WORK ORDER — Using the records below, copy exactly the part that opens with the line holding "The ears are" and closes with the line holding "Обратите внимание, что", minus the pictures.

EXERCISE MATERIAL —

· · · · · · ·

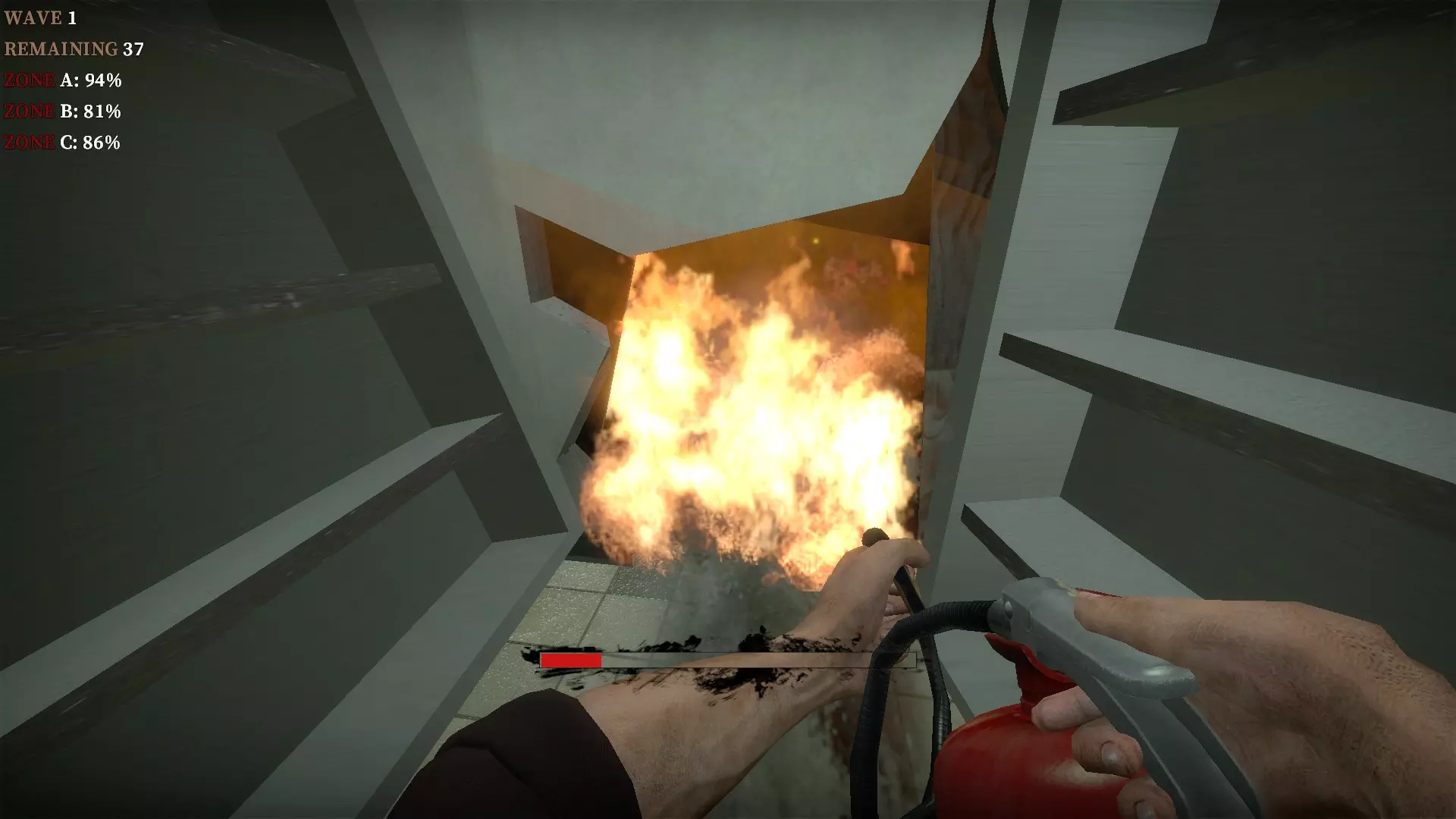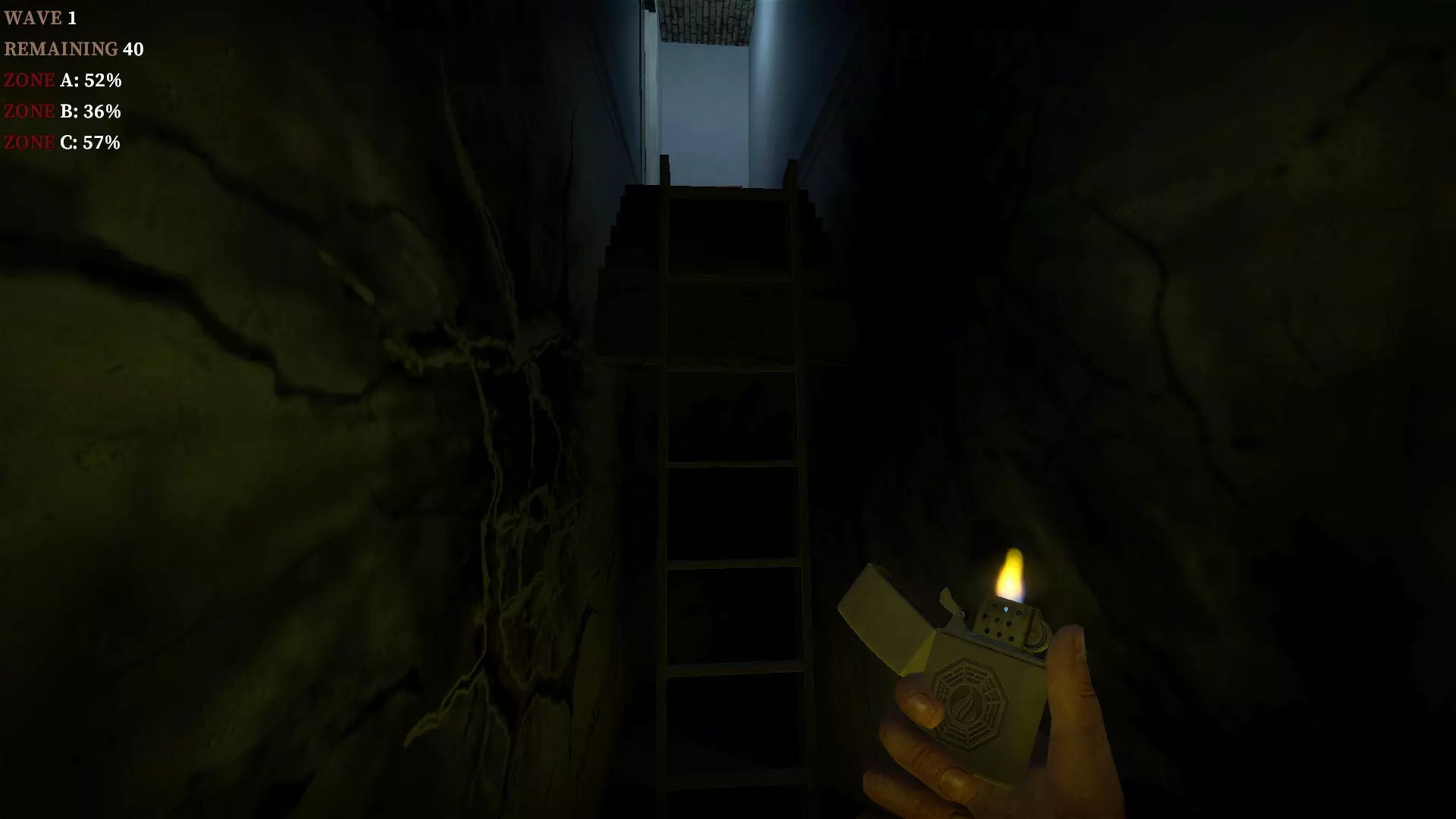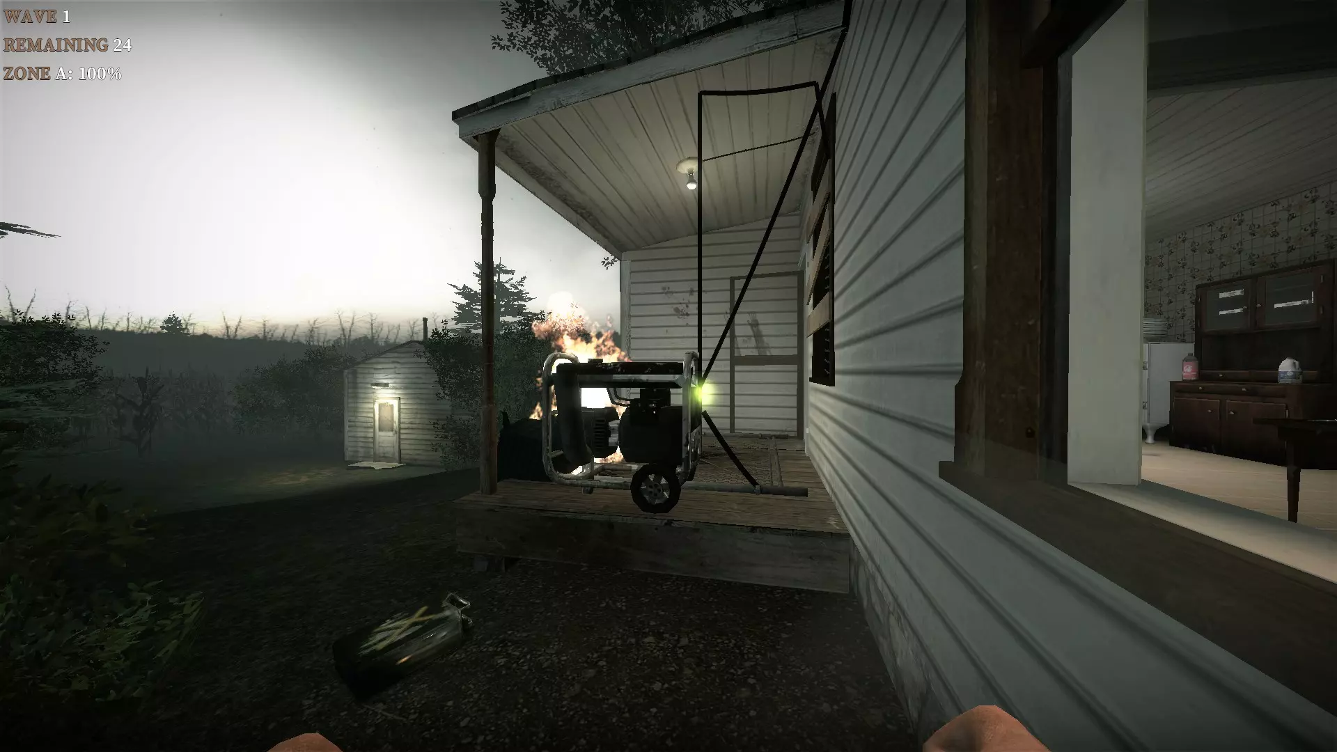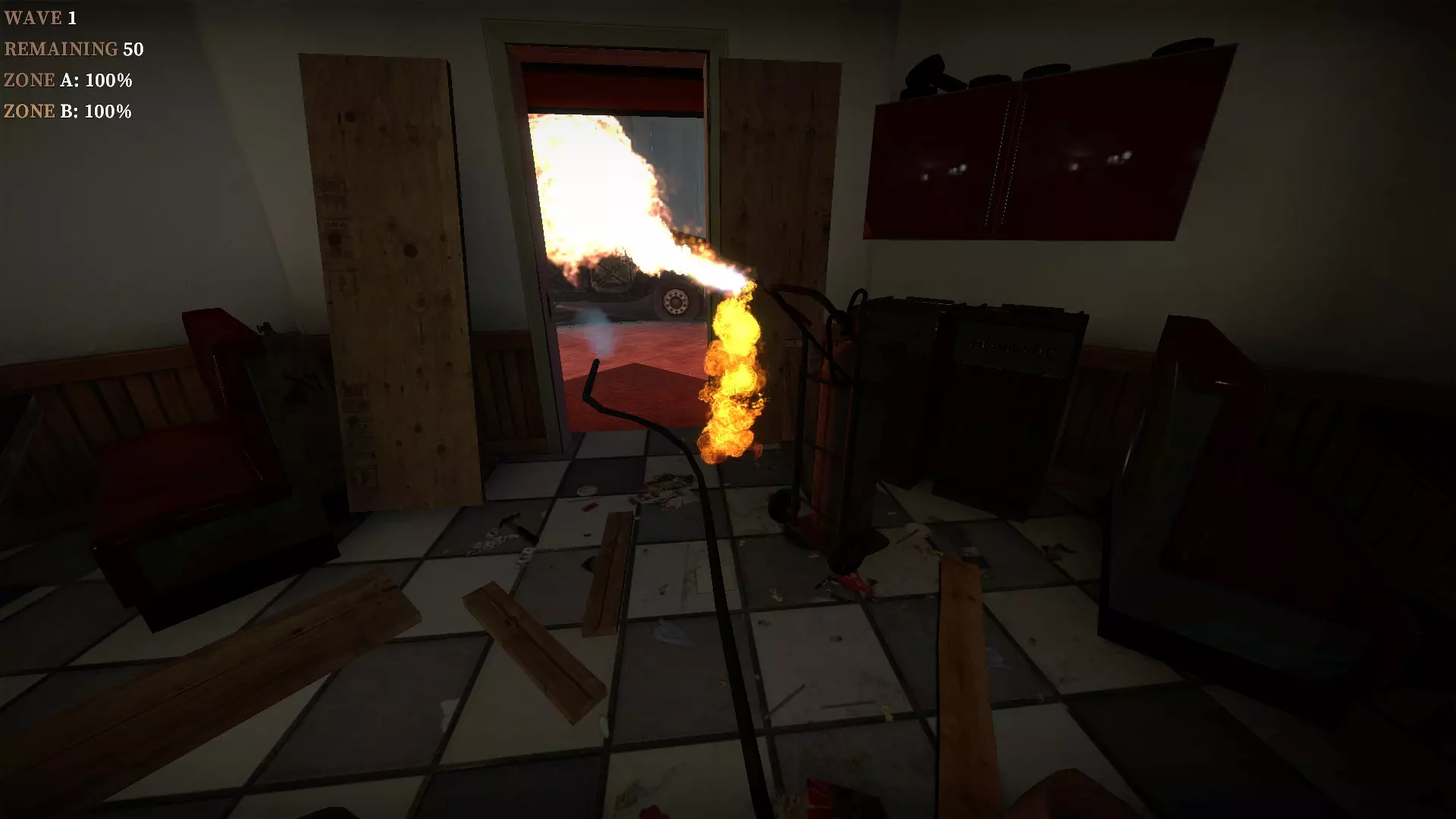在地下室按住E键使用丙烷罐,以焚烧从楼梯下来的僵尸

· · · · · · ·

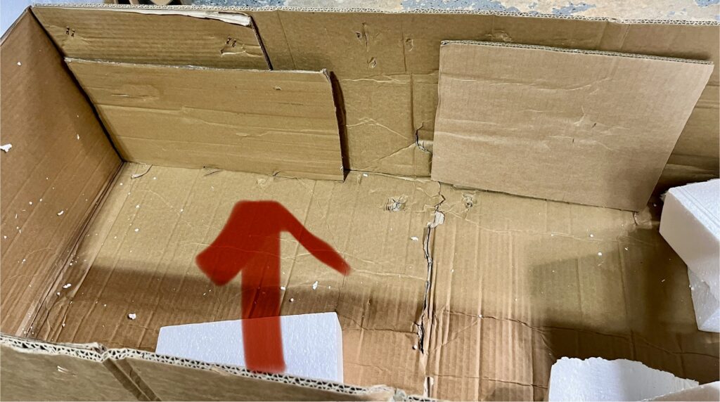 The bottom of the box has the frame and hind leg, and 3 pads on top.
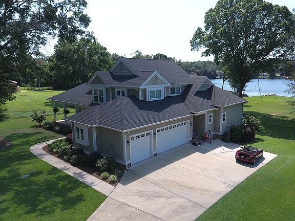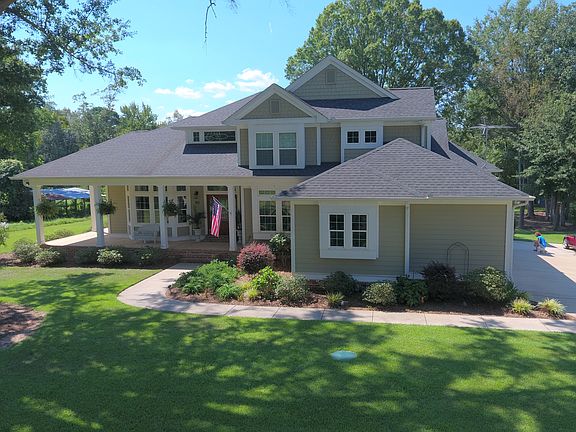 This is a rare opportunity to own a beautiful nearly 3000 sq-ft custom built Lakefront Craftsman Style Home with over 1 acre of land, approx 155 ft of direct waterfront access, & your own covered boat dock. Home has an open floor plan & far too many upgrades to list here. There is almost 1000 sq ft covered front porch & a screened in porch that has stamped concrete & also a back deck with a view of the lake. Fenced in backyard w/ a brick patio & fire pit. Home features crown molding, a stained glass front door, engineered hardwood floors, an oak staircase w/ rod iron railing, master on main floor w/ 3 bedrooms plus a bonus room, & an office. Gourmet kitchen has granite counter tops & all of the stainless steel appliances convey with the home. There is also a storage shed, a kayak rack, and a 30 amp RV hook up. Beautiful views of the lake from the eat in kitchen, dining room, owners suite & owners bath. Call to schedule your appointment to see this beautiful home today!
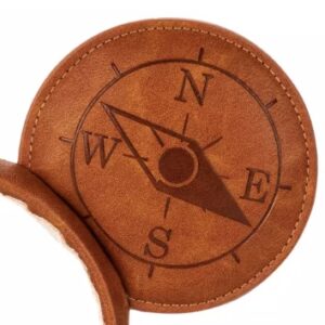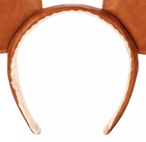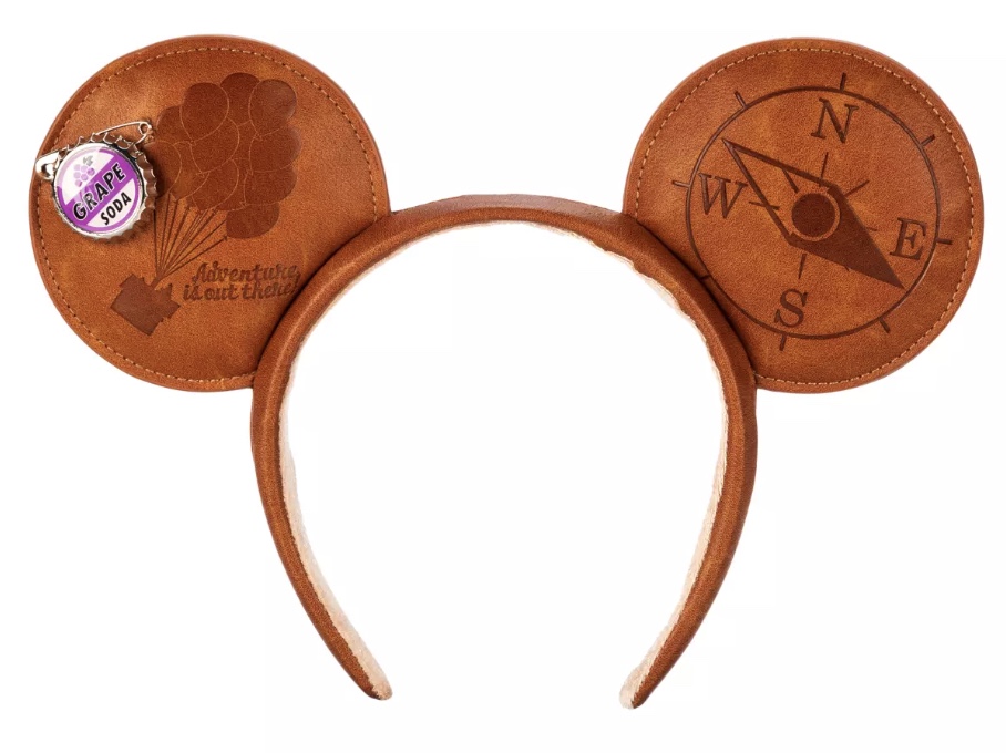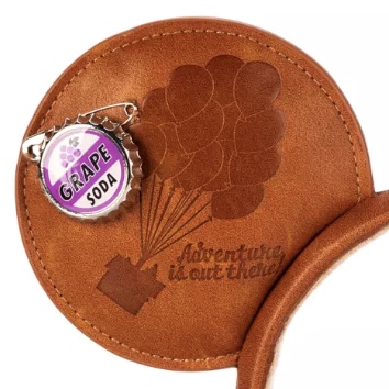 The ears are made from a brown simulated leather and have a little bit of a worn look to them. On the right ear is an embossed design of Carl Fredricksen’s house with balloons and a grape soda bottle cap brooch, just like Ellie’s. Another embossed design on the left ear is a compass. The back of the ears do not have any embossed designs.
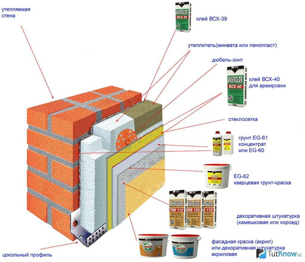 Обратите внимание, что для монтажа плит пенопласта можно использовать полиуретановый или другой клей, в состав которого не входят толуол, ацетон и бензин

· · · · · · ·

WRITTEN SOLUTION —
 The ears are made from a brown simulated leather and have a little bit of a worn look to them. On the right ear is an embossed design of Carl Fredricksen’s house with balloons and a grape soda bottle cap brooch, just like Ellie’s. Another embossed design on the left ear is a compass. The back of the ears do not have any embossed designs.
 Обратите внимание, что для монтажа плит пенопласта можно использовать полиуретановый или другой клей, в состав которого не входят толуол, ацетон и бензин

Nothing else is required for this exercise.